J’ai été cinq jours à faire une page, la semaine dernière, et j’avais tout laissé pour cela, grec, anglais ; je ne faisais que cela. Ce qui me tourmente dans mon livre, c’est l’élément amusant, qui y est médiocre. Les faits manquent. Moi je soutiens que les idées sont des faits. Il est plus difficile d’intéresser avec, je le sais, mais alors c’est la faute du style. J’ai ainsi maintenant cinquante pages d’affilée où il n’y a pas un événement. C’est un tableau continu d’une vie bourgeoise et d’un amour inactif ; amour d’autant plus difficile à peindre qu’il est à la fois timide et profond, mais hélas ! sans échevellements internes, parce que mon monsieur est d’une nature tempérée. J’ai déjà eu dans la première partie quelque chose d’analogue : mon mari aime sa femme un peu de la même manière que mon amant. Ce sont deux médiocrités dans le même milieu et qu’il faut différencier pourtant.
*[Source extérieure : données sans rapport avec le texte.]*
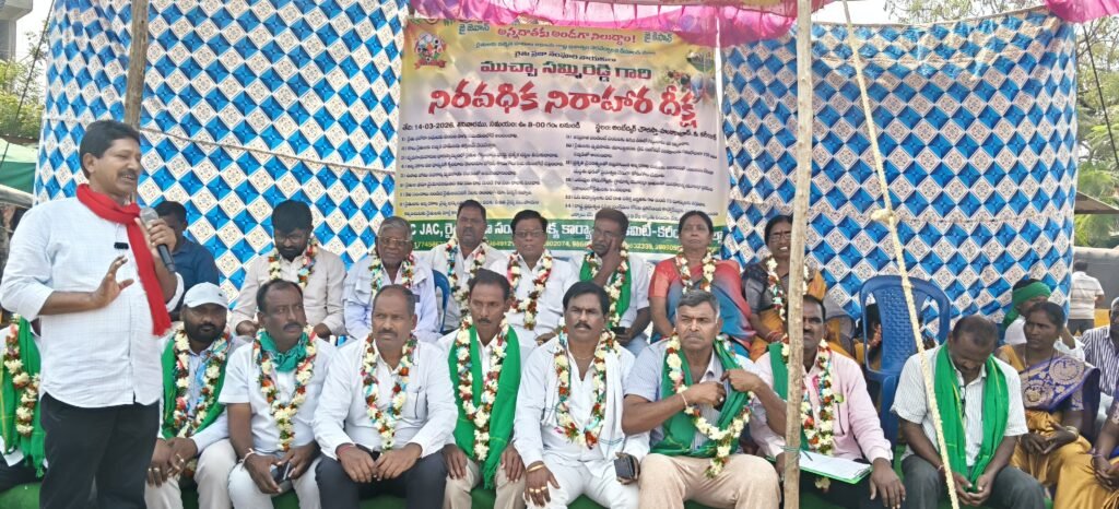 మండల యాదగిరి, స్వర్ణోదయం ప్రతినిధి హుజురాబాద్: ఎంతటి ప్రభుత్వమైనా.. ఎంత మెజారిటీ ఉన్నను.. అన్నదాతలను విస్మరించినట్లయితే.. రైతన్నలచే కన్నీరు పెట్టించినట్లయితే ఆ ప్రభుత్వాలు కుప్పకూలడం ఖాయమని… ఇది చరిత్ర చెబుతున్న సత్యమని రైతు ప్రజా సంఘాల సమాఖ్య జాతీయ అధ్యక్షులు పోలాడి రామారావు, సీపీఐ జిల్లా కార్యదర్శి మర్రి వెంకటస్వామి హెచ్చరించారు. వచ్చేనెల అనగా ఏప్రిల్ 28వ తేదీన ఉద్యమాల గడ్డగా ప్రసిద్ధి గాంచిన కరీంనగర్ నగరంలో లక్ష నుండి లక్షన్నర మంది రైతన్నల సమక్షంలో మహా గర్జన సమరభేరి నిర్వహించడానికి సన్నాహాలు ఇప్పటికే మొదలుపెట్టినామని.. దాదాపు ఇటీవల గెలిచిన 200 మంది సర్పంచులతో కరీంనగర్ గర్జన సదస్సు సంబంధించి కీలక చర్చలు చేశామని…నూతన సర్పంచుల సలహాలు సూచనలను నివేదిక రూపంలో తయారు చేయడం జరిగిందని రామారావు వెల్లడించారు. వ్యవసాయదారులు ఎదుర్కొంటున్న సవాలక్ష సమస్యలను ప్రభుత్వ దృష్టికి తీసుకువెళ్లి… నిర్ణీత గడువులోగా వాటిని పరిష్కరించాలని డిమాండ్ చేస్తూ కరీంనగర్ వరంగల్ హైవే మధ్యలో హుజురాబాద్ అంబేద్కర్ కూడలి వద్ద శనివారం ఉదయం రైతు ప్రజా సంఘాల నాయకుడు ముచ్చ సమ్మిరెడ్డి నిరవధిక నిరాహార దీక్షకు పూనుకోవడం జరిగిందని.. ఆయన దీక్షకు మద్దతుగా హుజురాబాద్, జమ్మికుంట, కమలాపూర్, ఇల్లంతకుంట, వావిలాల, వీణవంక, చల్లూరు, భీమదేవరపల్లి, ఎల్కతుర్తి, సైదాపూర్, శంకరపట్నం, మానకొండూర్, హసన్ పర్తి, తదితర ప్రాంతాల నుండి పార్టీలకు అతీతంగా అన్నదాతలు పెద్ద ఎత్తున దీక్ష శిబిరానికి తరలివచ్చి మద్దతు తెలిపారని రైతు ప్రజా సంఘాల సమాఖ్య సైతం సమ్మిరెడ్డి దీక్షకు మద్దతు తెలపడం జరుగుతున్నదని పోలాడి ప్రకటించారు. అంతకుముందు వరంగల్ రోడ్ బస్ డిపో కార్నర్ నుండి ఎడ్లబండి పై అన్నదాతల కేరింతల మధ్య ముచ్చ సమ్మిరెడ్డి పోలాడి రామారావు తో కలిసి అంబేద్కర్ కూడలి వద్ద ఏర్పాటుచేసిన నిరాహార దీక్ష శిబిరానికి చేరుకొని తన దీక్షను ప్రారంభించారు. దీక్ష శిబిరాన్ని సందర్శించిన అనంతరం

Si c’est réussi, ce sera, je crois, très fort, car c’est peindre couleur sur couleur et sans tons tranchés, ce qui est peu aisé. Mais j’ai peur que toutes ces subtilités ennuient et que le lecteur aime autant voir plus de mouvement. Enfin il faut faire comme on a conçu. Si je voulais mettre là dedans de l’action, j’agirais en vertu d’un système et gâterais tout. Il faut chanter dans sa voix ; or la mienne ne sera jamais dramatique ni attachante. Je suis convaincu d’ailleurs que tout est affaire de style, ou plutôt de tournure, d’aspect.

Nouvelle : le jeune du Camp est officier de la Légion d’honneur ! Comme ça doit lui faire plaisir ! Quand il se compare à moi et considère le chemin qu’il a fait depuis qu’il m’a quitté, il est certain qu’il doit me trouver bien loin de lui en arrière et qu’il a fait de la route (extérieure). Tu le verras à quelque jour attraper une place et laisser là cette bonne littérature. Tout se confond dans sa tête : femmes, croix, art, bottes, tout cela tourbillonne au même niveau et, pourvu que ça le pousse, c’est l’important. Admirable époque (curieux symbolismes, comme dirait le père Michelet) que celle où l’on décore les photographes et où l’on exile les poètes (vois-tu la quantité de bons tableaux qu’il faudrait avoir faits avant d’arriver à cette croix d’officier ?). De tous les gens de lettres décorés, il n’y [en] a qu’un seul de commandeur, c’est M. Scribe ! Quelle immense ironie que tout cela ! Et comme les honneurs foisonnent quand l’honneur manque ! Adieu, ma pauvre chère vieille féroce ! Tout à toi.